Youngsters learn how to administer CPR to their dogs
One by one, youngsters breathed into a dog’s nose on a stuffed animal while holding its mouth closed, all while counting one one thousand, two one thousand in an effort to save their pet’s life during a summer camp.
Kaia Miller, 11, said she wanted to take the summer camp because she has two dogs at home.
“We have a little dog and I’m always worried she will get hurt,” she said, adding that she wants to help her dog if a situation rises.
Before the youngsters practiced breathing techniques and life saving skills on the stuffed animals, they watched a few short videos that explained how to administer breathing for their pet. The videos also explained what a dog’s normal temperature should be and what signs to look for if the pet is not feeling well.
Sanibel Recreation Center Aquatics Supervisor Natalya Maddix told the campers that instead of putting their mouth around the dog’s nose, they can create a breathing aid from a plastic bottle. The top portion of the bottle is cut and the edges are taped to eliminate any sharp edges.
The breathing aid is placed over the dog’s nose before an individual should breathe into it with two to three seconds between until it breathes on its own.

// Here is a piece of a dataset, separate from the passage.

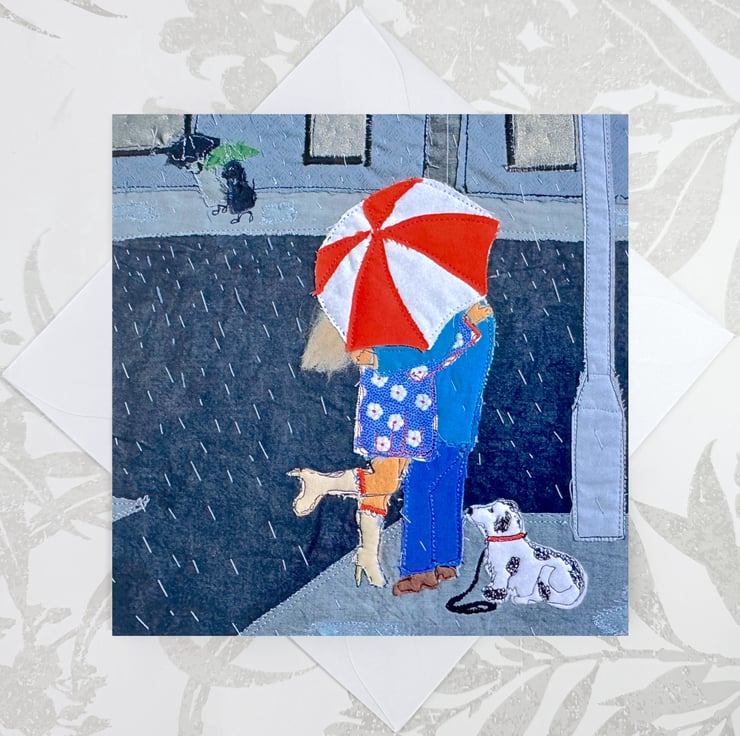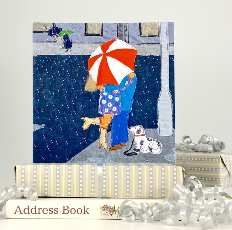 Romantic birthday card - reproduced from one of Heidi Meier's original textile embroideries called At A Junction. Shows a couple in love, having their first kiss whilst the dog looks on in confusion...
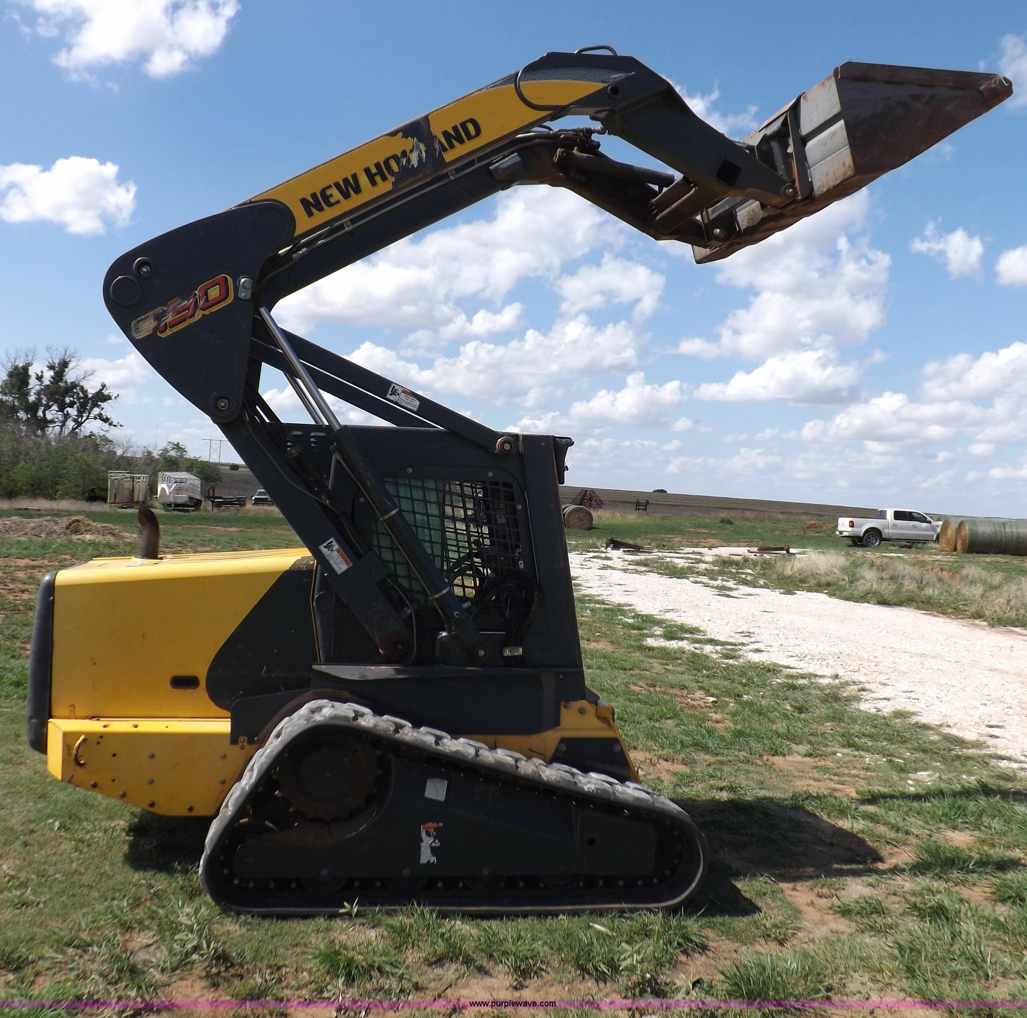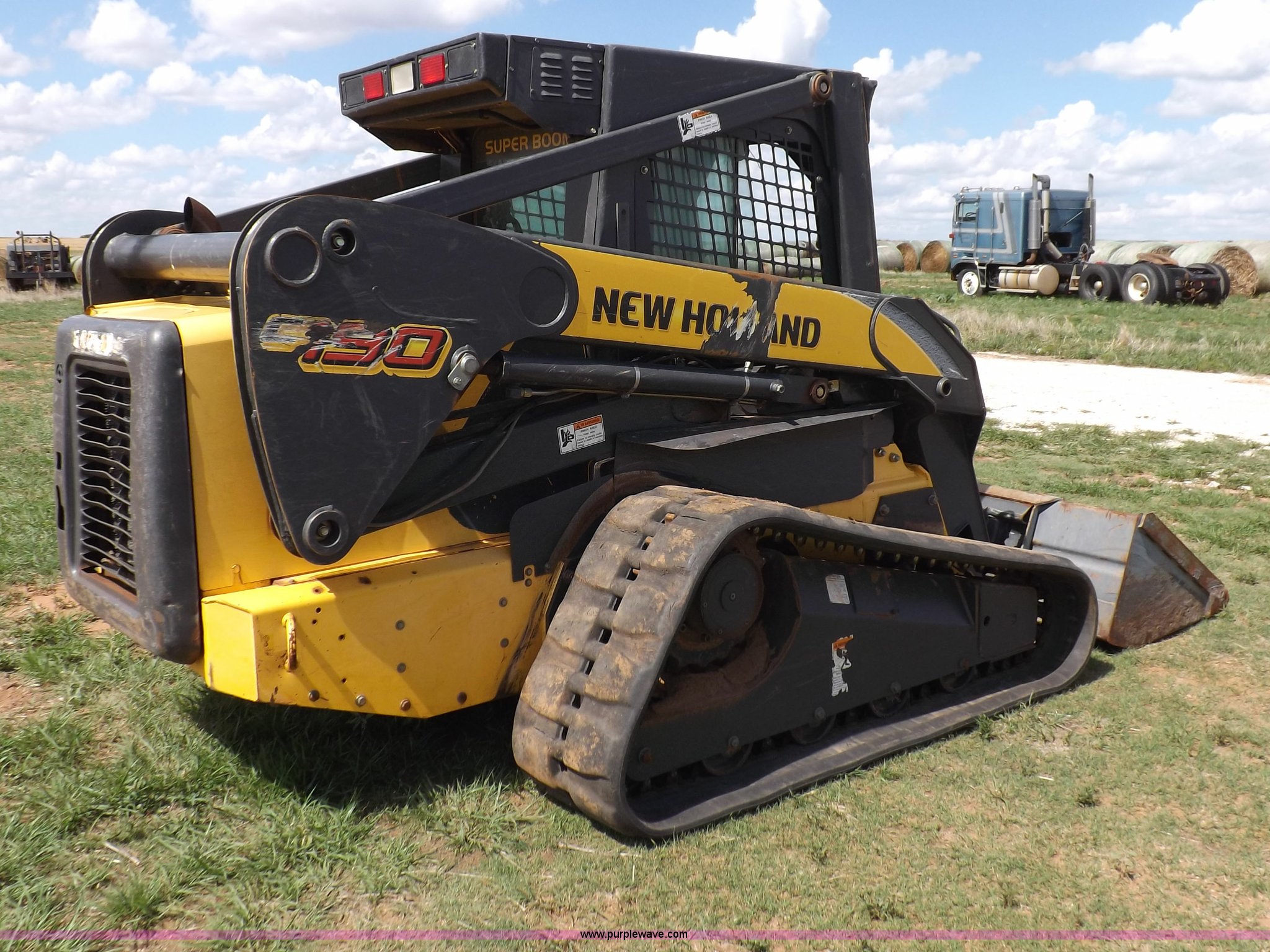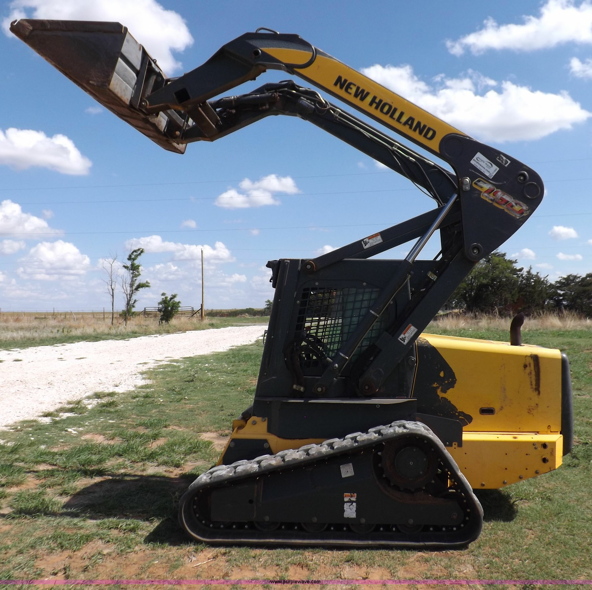 Purple Wave is selling a used Tracked Skid Steer Loader in Oklahoma. This item is a 2006 New Holland C190 track skid steer with the following: 985 hours on meter, Hours may vary, still in use, New Holland 445/M2 four cylinder diesel engine, 80 HP, Two speed hydrostatic transmission, Two speed inoperable, Enclosed cab, AC and heat, Hand and foot controls, Spring suspension seat, High-Flow auxiliary hydraulics, Manual quick coupler, 77"W bucket, Weld-on cutting edge, (4) bottom rollers, Bridgestone 17.5"W tracks, 450x55x86, 9,811 lbs. base operating weight, Door glass missing, AC does not work, Wiper arm missing, Front lights missing, Serial LMU0C190-N6M443506

The class also taught the youngsters how to find their animal’s heart beat by placing their finger on the dog’s hind legs. Once the pulse is found, Kaia said she learned that she should squish her dog like a sandwich to help it start breathing again.
In addition to rescue breathing, the camp also taught the youngsters how to help an animal if its choking and how to control its bleeding.
The youngsters were also instructed to have a first aid kit for their animals that included such items as gauze pads, peroxide, eye wash and a muzzle.
The weeklong camp at the Sanibel Recreation Center, which is aimed for 11 to 15 year olds, also touched upon babysitting techniques and junior lifeguarding.
Kaia said she is now a little more equipped to watch her 5-year-old brother after taking the babysitting course. She said she learned that she has to watch her brother to make sure he does not get into anything, especially after watching a video on hazards around the house.
The summer camp also taught Kaia how to change a diaper, which will come in handy when watching her cousin.
Maddix said the camp also teaches the youngsters about the business of babysitting, how to build a resume, what to do when working with different age groups, learning how to properly pick up a baby and a toddler and how to properly feed a child.
She said they like to hold the camp at the beginning of the summer, so the youngsters can start babysitting and dog sitting. She said since there are a lot of seasonal people on the island, dog sitting has become a booming business.
“A lot of people don’t like kenneling their dogs,” Maddix said.
The junior lifeguarding portion of the camp also focuses on AED training, a piece of equipment that delivers shocks and restarts the heart.
Kaia said she was looking forward to learning how to use an AED.
By the end of the camp, the kids learned how to give CPR to infants, children, adults, cats and dogs.
Maddix said they set a new attendance record this year with 15 kids for the weeklong camp. In the past, they have had seven to eight kids register for the summer camp.
Throughout the year, the pet first aid course is taught as a standalone class, which many adults take.
“So many people have animals,” Maddix said.